*** Block opens ***

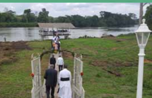
Réception sur la terrasse
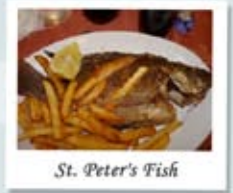
St. Peter's Fish
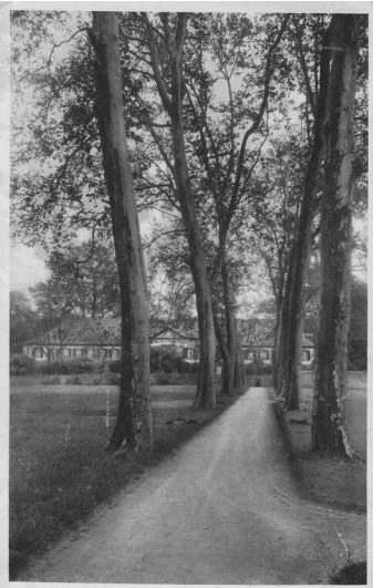
Vom Rhein aus führte eine Platanenallee hoch durch den Park zum Mendelssohn-Palais (1920)
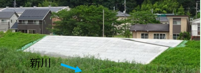
御厩工区 (令和3年6月完了) 堤防補強工 堤防舗装 防草シート
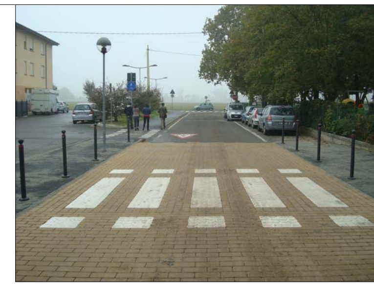
ESEMPI DI PLATEE E ATTRAVERSAMENTI RIALZATI REALIZZATI A REGGIO EMILIA
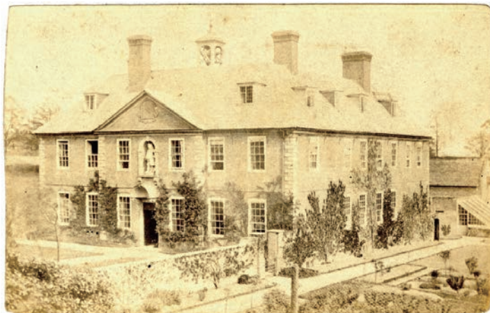
学校主楼早期的照片

伦敦校董会在 1712 年的 4 月 10 日举行了第一次会议。随后，他们定期举行会议，商议学校规章、教学内容、教员工资及学校运营等事宜。可惜的是，伦敦的校董会由于当时交通不便，从没有来过莱克顿县。倒是在北赫里福德郡的第二套校董班子会定期在学校举行会议。他们会根据学校实时的情况提出反馈建议，然后这些反馈建议和会议总结会送到伦敦的校董会，听取他们的意见，最终制定实行方案。
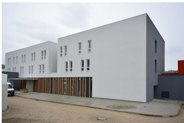
Façade résidence VIVA-CITÉ côté Nord (Hall d'entrée RDC)

La résidence VIVA-CITÉ, voilà quelques années qu'on en parle ! Le principe de la construction d'un nouveau foyer, en remplacement de celui du Château d'eau devenu vétuste et inadapté, a été acté par le Président du Conseil Départemental de l'époque, en 2014, Monsieur PERNY.
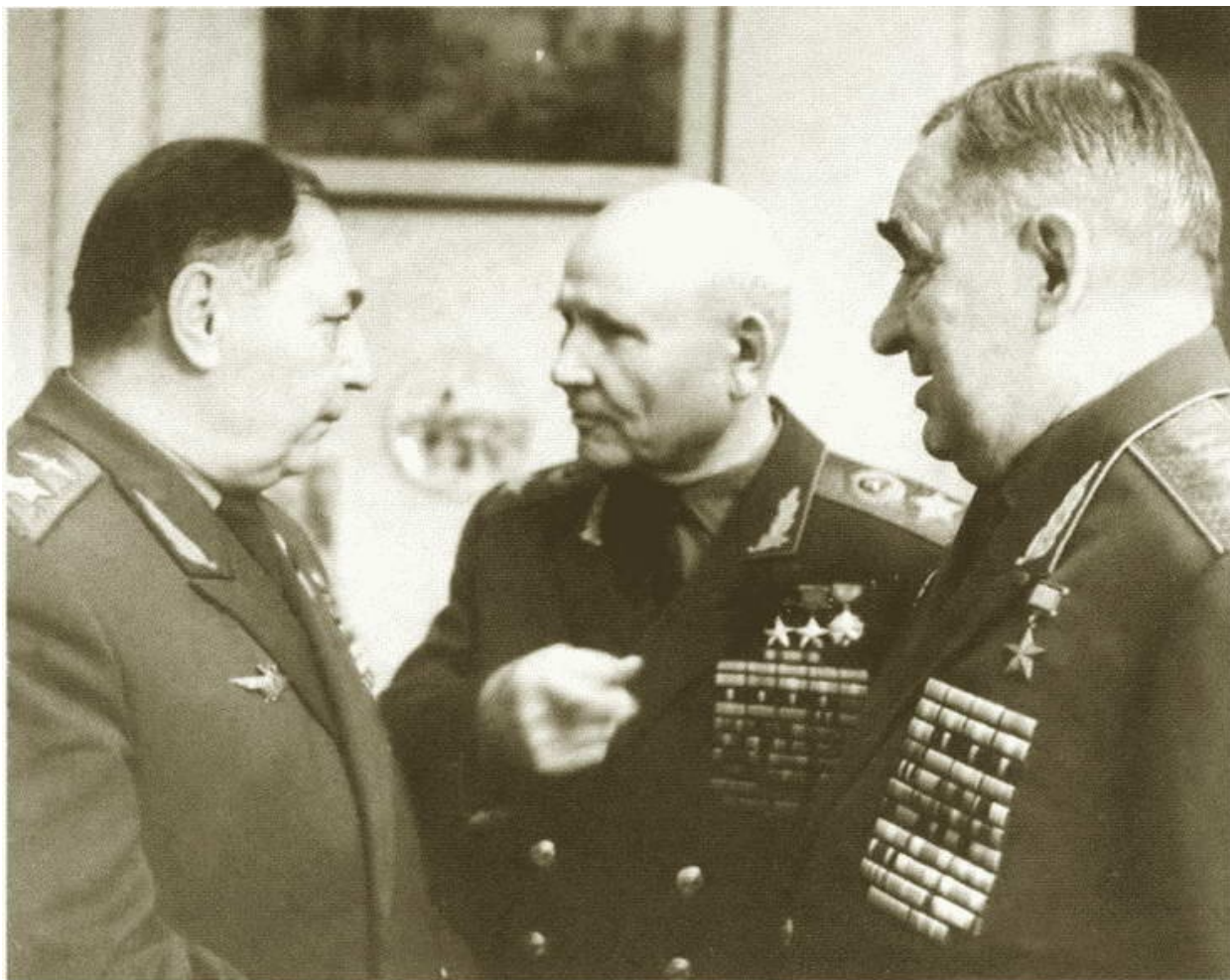
А.И. Покрышкин и А.С. Жадов с И.С. Коневым в день его 75-летия. 1972 г.
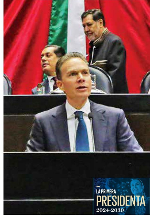
VOCES. Los legisladores se congratularon de la llegada a la Presidencia de la primera mujer y brindaron su apoyo al proyecto, con un llamado al diálogo.
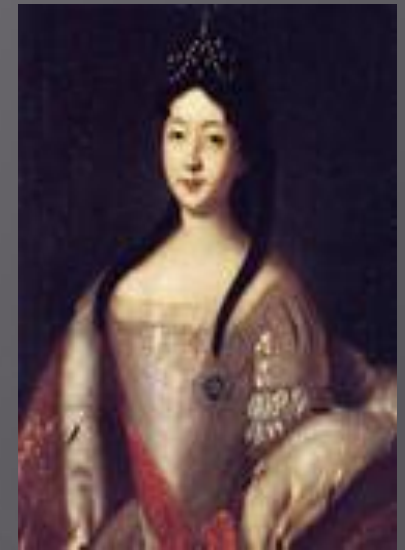
АННА Дочь Петра I
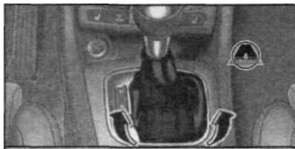
Рычаг переключения передач: снятие крышки

Для буксировки автомобиля при выходе из строя электропитания нужно произвести аварийную разблокировку рычага селектора.
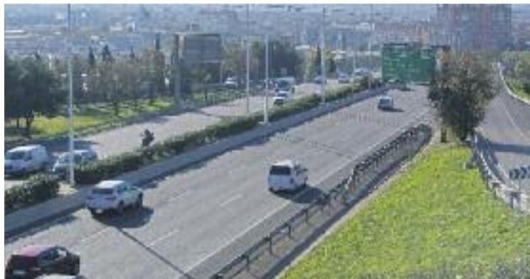
Cornellà és un dels municipis afectats per la mesura.

La ZBE es posarà en marxa l'1 de desembre i contempla que, durant els episodis de pol·lució ambiental –entre dos i tres cops l'any–, els turismes més contaminants no puguin circular per aquesta zona. Per vehicle contaminant s'entenen tots aquells que no disposin de l'etiqueta ambiental de la DGT, és a dir, els de benzina anteriors a l'any 2000 i els dièsel d'abans del 2006. Els vehicles d'emergències, de persones amb mobilitat reduïda i de serveis essencials, per la seva banda, podran circular sempre, tinguin o no l'etiqueta de la DGT.
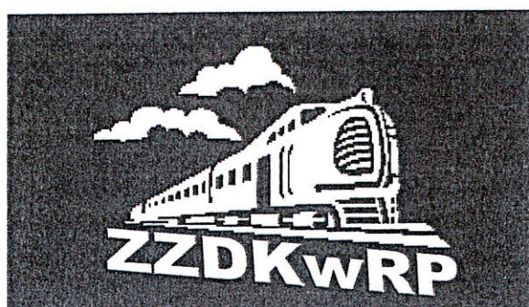
Wzór Nr 3. Logo kolorowe
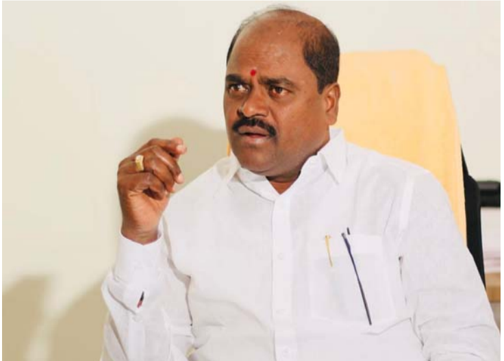
అక్షర విజేత మహేశ్వరం
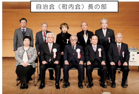
自治会(町内会)長の部
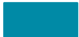
Light Blue MACal 9738-04 PRO
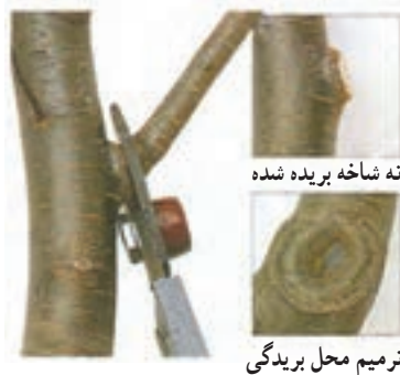
شکل ۳-۴۵ - طرز برش در شاخه نسبتاً قطور
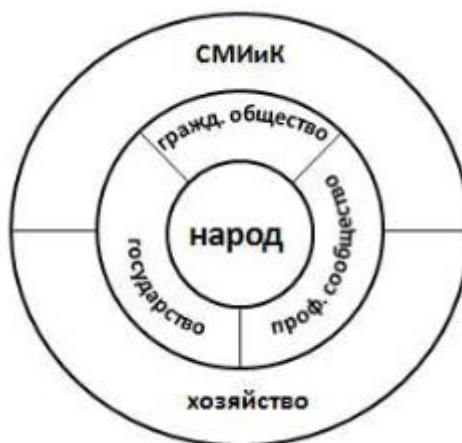
Рисунок 7. Архитектоника социума

Третий слой рассматриваемой архитектуры социума – инфраструктурный. Он обеспечивает общество тремя социально-значимыми потоками: веществом, энергией и информацией. Здесь можно выделить две общественные структуры: хозяйство и средства массовой информации и коммуникации (СМИиК, масс-медиа). Поставкой вещества и энергии преимущественно занято народное хозяйство. Поставкой социальной информации – масс-медиа.
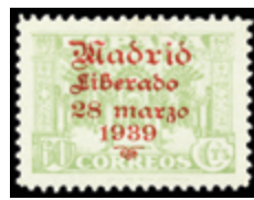
2350 20 €
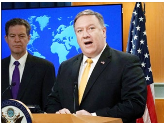
美国国务卿蓬佩奥在新闻发布会上

【明慧网】2018年5月29日，美国国务院发布2017年度《国际宗教自由报告》，中国再次被列为“特别关注国”。报告关注法轮功、基督教等信仰团体受迫害情况。美国国务卿蓬佩奥表示，美国对于侵犯宗教自由的行径不会袖手旁观。
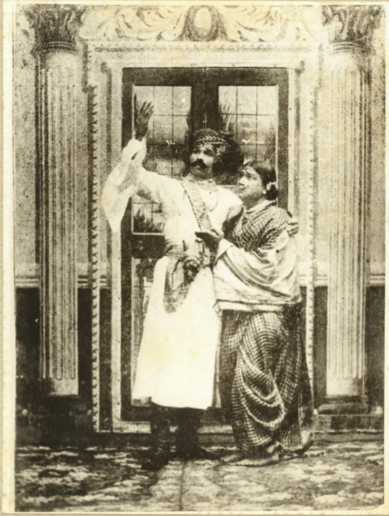
भाऊबंदकी यशवंतराव टिपणीस - माधवराव टिपणीस
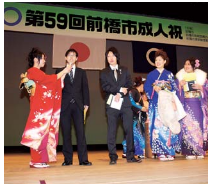
楽しい式典にしよう(昨年度)

本年度の成人祝は、来年1月13日(日)にグリーンドーム前橋で行います。この式典のプログラム検討や運営を行う委員を募集。市内各中学校卒業生の代表者24人と一緒に、思い出に残る成人祝を企画しませんか。 なお、成人祝の該当者へは12月に案内状を送付。市外転出者で本市の成人祝に参加したい人は、青少年課へ申し込んでください。 対象 次のすべてを満たす人、3人(選考)。 ①昭和62年4月2日～63年4月1日生まれ ②市内在住 ③9月から来年1月までに10回程度開く会議に出席できる 申し込み 8月10日(金)(必着)までに郵送または直接。成人祝に対する
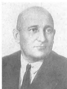
Лудри И. М. (1895—1937) Флагман 1 ранга
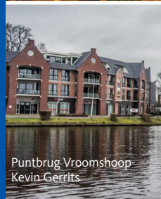
Puntbrug Vroomshoop Kevin Gerrits
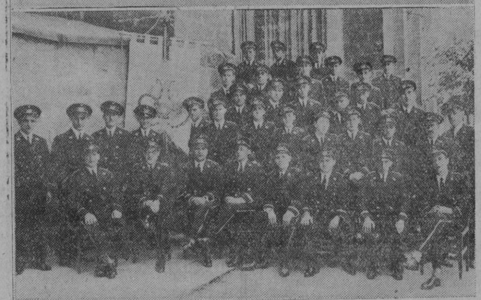
La popular banda de música "La Pamplonesa", en el año de su fundación y en el actual.

*** Block closes ***

■ **DESCRIPTION OF THE TASK**: With the pictures excluded, the line containing "Третий слой рассматриваемой" and every line after it through the end of the data above are to be transcribed exactly, and nothing more.

■ **SOLUTION TO THIS TASK**:
Третий слой рассматриваемой архитектуры социума – инфраструктурный. Он обеспечивает общество тремя социально-значимыми потоками: веществом, энергией и информацией. Здесь можно выделить две общественные структуры: хозяйство и средства массовой информации и коммуникации (СМИиК, масс-медиа). Поставкой вещества и энергии преимущественно занято народное хозяйство. Поставкой социальной информации – масс-медиа.
2350 20 €
美国国务卿蓬佩奥在新闻发布会上

【明慧网】2018年5月29日，美国国务院发布2017年度《国际宗教自由报告》，中国再次被列为“特别关注国”。报告关注法轮功、基督教等信仰团体受迫害情况。美国国务卿蓬佩奥表示，美国对于侵犯宗教自由的行径不会袖手旁观。
भाऊबंदकी यशवंतराव टिपणीस - माधवराव टिपणीस
楽しい式典にしよう(昨年度)

本年度の成人祝は、来年1月13日(日)にグリーンドーム前橋で行います。この式典のプログラム検討や運営を行う委員を募集。市内各中学校卒業生の代表者24人と一緒に、思い出に残る成人祝を企画しませんか。 なお、成人祝の該当者へは12月に案内状を送付。市外転出者で本市の成人祝に参加したい人は、青少年課へ申し込んでください。 対象 次のすべてを満たす人、3人(選考)。 ①昭和62年4月2日～63年4月1日生まれ ②市内在住 ③9月から来年1月までに10回程度開く会議に出席できる 申し込み 8月10日(金)(必着)までに郵送または直接。成人祝に対する
Лудри И. М. (1895—1937) Флагман 1 ранга
Puntbrug Vroomshoop Kevin Gerrits
La popular banda de música "La Pamplonesa", en el año de su fundación y en el actual.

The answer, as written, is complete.